Державин повествует о том, как в светском и придворном кругу (И.И. Шувалов, А.П. Шувалов, А.А. Безбородко с П.В. Завадовским) сетовали на отсутствие в России «легкого и приятного стихотворства»{476}. Ода была, как сам Державин пишет, прочитана как доказательство его наличия. Даже непозволительные в старом каноне шутки в адрес Потемкина показались уместными.
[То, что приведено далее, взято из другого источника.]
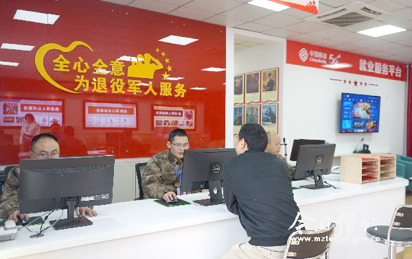 一旁的就业服务区内,青加兵正通过摄像头和大屏幕接受招聘方的“面试”。因病致残,东奔西走四处求职,对他来说有些“吃不消”。升级后的退役军人服务中心规划出就业服务区域,设置有在线就业平台,退役军人坐在屏幕前,就能通过视频与招聘方实现“面对面”对话,对于退役军人来说,求职更加方便了。截至目前,共有15名退役军人通过在线就业平台成功就职。 作为德阳市退役军人服务保障体系“一体化”试点单位,绵竹市退役军人服务中心进行了升级改造,设置前台服务区、休闲阅读区、自动服务区、就业服务区、藏品室、创业成果展览室、心理咨询室、法律咨询室等。采取前台受理、后台办理的方式,来访退役军人通过前台反应诉求和需办理的业务,等待的时间里,便可前往其他区域享受饮茶喝咖啡、读书看报等其他服务,轻松愉悦地等待办理结果。开放式办公通过消除物理隔阂,拉近干群关系的方法,不但让退役军人少走一段路、少费一点心,更进一步提升服务质量,使服务接地气、更贴心。

Более того, Дашкова опубликовала оду Державина на первой странице первого номера «Собеседника», немедленно поднесенного Екатерине. «Фелица» сразу же сделалась манифестом и новой идеологии, и нового стиля.
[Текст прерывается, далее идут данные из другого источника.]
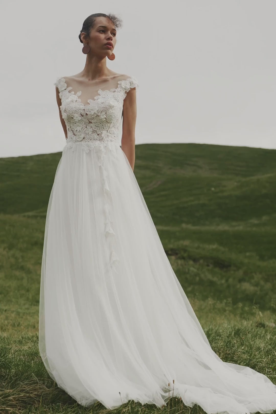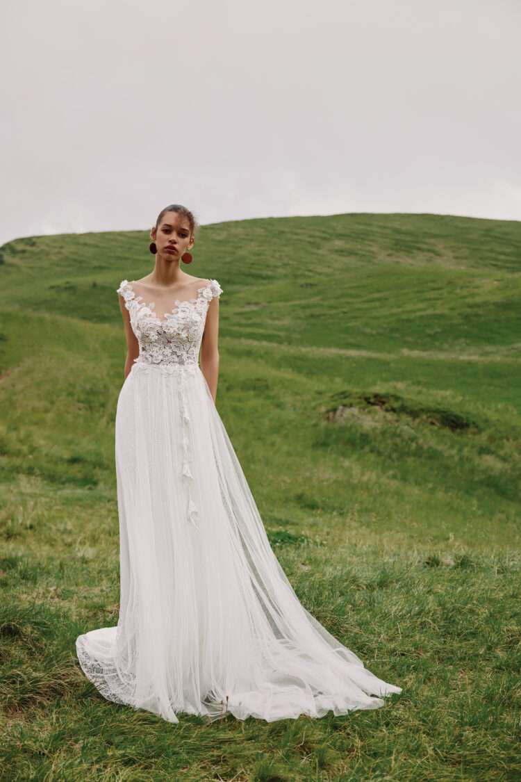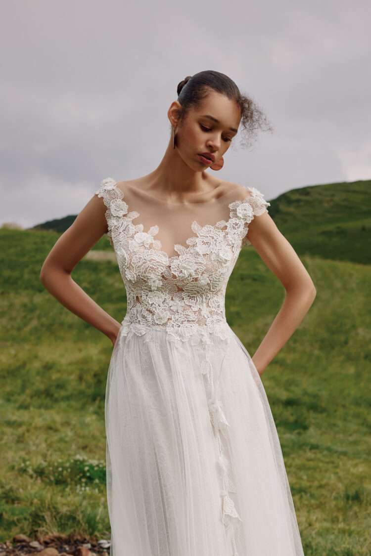 Incredibly soft and feminine A-line wedding dress is designed to create a truly airy and romantic bridal look. The scoop transparent bodice with open back is decorated with the 3D lace flower appliques. Due to the multi-layered skirt made of lace and tulle and soft chapel train the whole outfit looks really airy and, at the same time, luxurious. Both back and waist are completed with hand-woven cords decorated with feathers and handmade flowers. Such details make the bridal look especially soft and angelic.

Державин в «Объяснениях», ссылаясь на свидетельство Дашковой, дает описание реакции Екатерины по прочтении оды — так происходит конструирование нового культурного мифа. Поэт пишет: «В понедельник поутру рано присылает Императрица к ней (Дашковой. — В. П.) и зовет ее к себе. Княгиня приходит, видит ее стоящую, расплаканную, держащую в руках тот журнал; Императрица спрашивает ее, откуда взяла сие сочинение и кто его писал. Княгиня сначала испугалась, не знала, что отвечать; Императрица ее ободрила, сказав: Не опасайтесь; я только вас спрашиваю о том, кто бы меня так коротко знал, который умел так приятно описать, что, ты видишь, я как дура плачу»{477}.
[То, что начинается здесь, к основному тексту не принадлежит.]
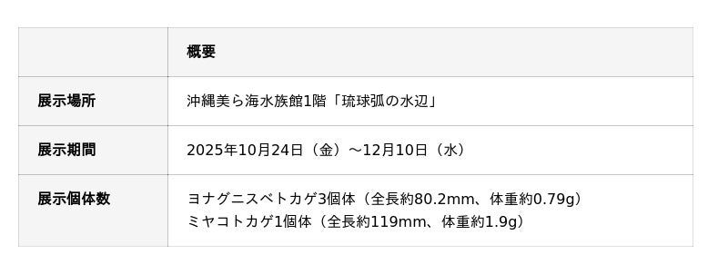 沖縄美ら海水族館(所在地:沖縄県国頭郡本部町 館長:佐藤 圭一)では、ヨナグニスベトカゲ(与那国島固有種)の繁殖に世界で初めて、また、ミヤコトカゲの繁殖に日本で初めて成功し、繁殖個体の期間限定展示を水族館出口付近「琉球弧の水辺」で開始いたします。

Имперское удовлетворение текстом («умел так приятно описать») было выражено прежде всего в игровом сценарии, который Державин подробно пересказывает: «Несколько дней спустя (после прочтения Екатериной «Фелицы». — В. П.), когда Автор обедал у начальника своего, князя Вяземского, скоро после обеда, сказывают ему, что почтальон принес ему конверт; он принимает, видит надпись: Из Оренбурга от Киргизской Царевны к Мурзе. Он догадывается, развертывает конверт и находит в нем золотую табакерку, осыпанную бриллиантами, и в ней 500 червонных»{478}. Державин был приглашен во дворец и представлен Екатерине. «Узнав» себя в Фелице, Екатерина немедленно подстраивает собственную политику к предложенному Державиным идеальному образу: ода послужила поводом «к сепаратному указу, посланному в Тамбов, которым колодников, содержавшихся там за оскорбление величества, запрещено было отправлять в тайную, а велено кончить дело обыкновенным порядком уголовных дел»{479}.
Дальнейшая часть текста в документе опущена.